Я хватаюсь за правый рукав. Письма в нем нет.

— Вы в состоянии, фрау Этьен, дойти до машины или нужны носилки?..

— Спасибо, я думаю, что смогу идти.

Врач подставляет руку под мое плечо, чтобы помочь подняться. Я подымаюсь. Легкое головокружение. Я привожу в порядок свою юбку. Делаю несколько неуверенных шагов.

Проходя мимо зеркала, смотрю в него и пугаюсь своего лица, отраженного в нем.

— Пошли! — говорит Шербаум.

«Живо, Этьен, вперед», — слышится мне. Пустяки. «Номер двадцать, выходите, вода нагрета», — раздается где-то по соседству.
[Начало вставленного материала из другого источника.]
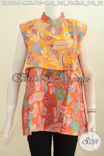 Jual Online Balero Batik Keren Kombinasi Warna Kuning Dan Pink, Busana Trendy Bahan Batik Printing Motif Bagus Harga Terjangkau [BLR4924P-M , XL]
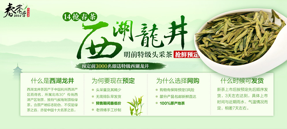 本品采用正品萬擔(dān)春AAA特級(jí)明前西湖龍井茶,以傳統(tǒng)牛皮紙包裝,盛于藍(lán)花布嵌面的木盒之中...
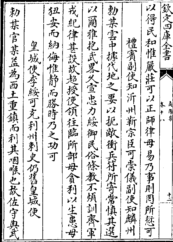 以得民和惟严庄可以正师律毋易乃事则罔所愆可礼宾副使知沂州靳宗臣可崇仪副使知麟州
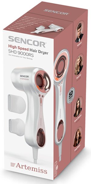 Fén na vlasy SHD 9000RS je vybavený moderným vysokorýchlostným BLDC motorom, ktorý sa pýši tichým chodom, dlhou životnosťou a výkonom až 90 000 otáčok za minútu. Tento motor vytvára silný prúd vzduchu s rýchlosťou až 75 km/h, vďaka čomu výrazne skracuje dobu sušenia vlasov. Prístroj ponúka tri úrovne prúdenia vzduchu - jemné, stredné a intenzívne - a štyri nastavenia teploty, vrátane funkcie studeného vzduchu pre záverečné zafixovanie účesu. Silná ionizácia napomáha k dosiahnutiu hebkých, hladkých a lesklých vlasov bez krepovatenia. Súčasťou balenia sú dva magnetické stylingové nástavce pre pohodlnú manipuláciu a presné tvarovanie vlasov. Odnímateľný filter uľahčuje údržbu a čistenie prístroja. S príkonom 900 W, teplotným rozsahom 20-56 ° C a nízkou hlučnosťou 75 dB predstavuje tento fén kompaktné a efektívne riešenie pre každodennú úpravu vlasov.
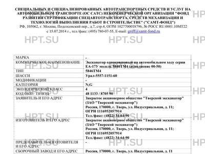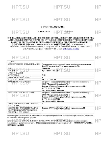 | Коммерческое наименование | Экскаватор одноковшовый на автомобильном ходу серии ЕА-17У модель 5846ТМ4 (исполнение 00-50); 5846ТМ4 |
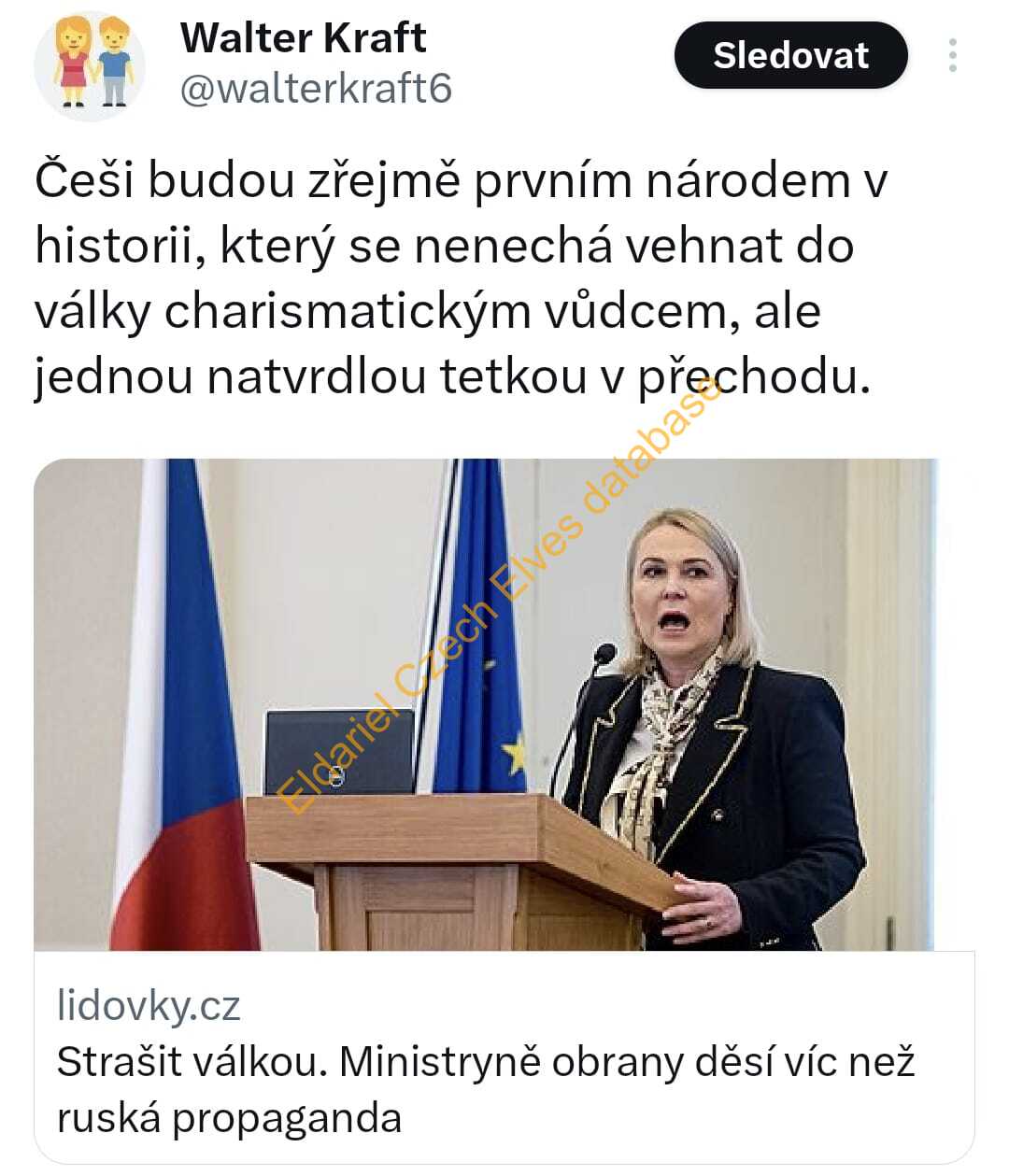 6) Walter Kraft Češi budou zřejmě prvním národem v historii, který se nenechá vehnat do války charismatickým vůdcem, ale jednou natvrdlou tetkou v přechodu. Strašit válkou. Ministryně obrany děsí víc než ruská propaganda.

Ерунда! Возьми себя в руки! Ты же его не убивала. Это ты обязательно должна доказать.

Но — письмо…

Передо мной идет врач, сзади — Шербаум. Мы выходим из комнаты и покидаем отель.

Снаружи, в коридоре, стоит Андерсен — красавец-блондин. Лифт. Спускаемся вниз. Молчание. Шербаум вдавливает сигару в пепельницу. Врач покашливает. Я внезапно, видимо, под влиянием этого покашливания, а также запахов табака и рома, которые распространяет врач, чрезвычайно отчетливо вспомнила своего учителя математики в Макленбурге.

«Бетина Шиллинг, — говорил он, покашливая и распространяя вокруг сильный запах табака и слабый — рома, — у вас будут большие трудности из-за вашего необузданного темперамента; я бы даже назвал это отсутствием самодисциплины, а это приближается…»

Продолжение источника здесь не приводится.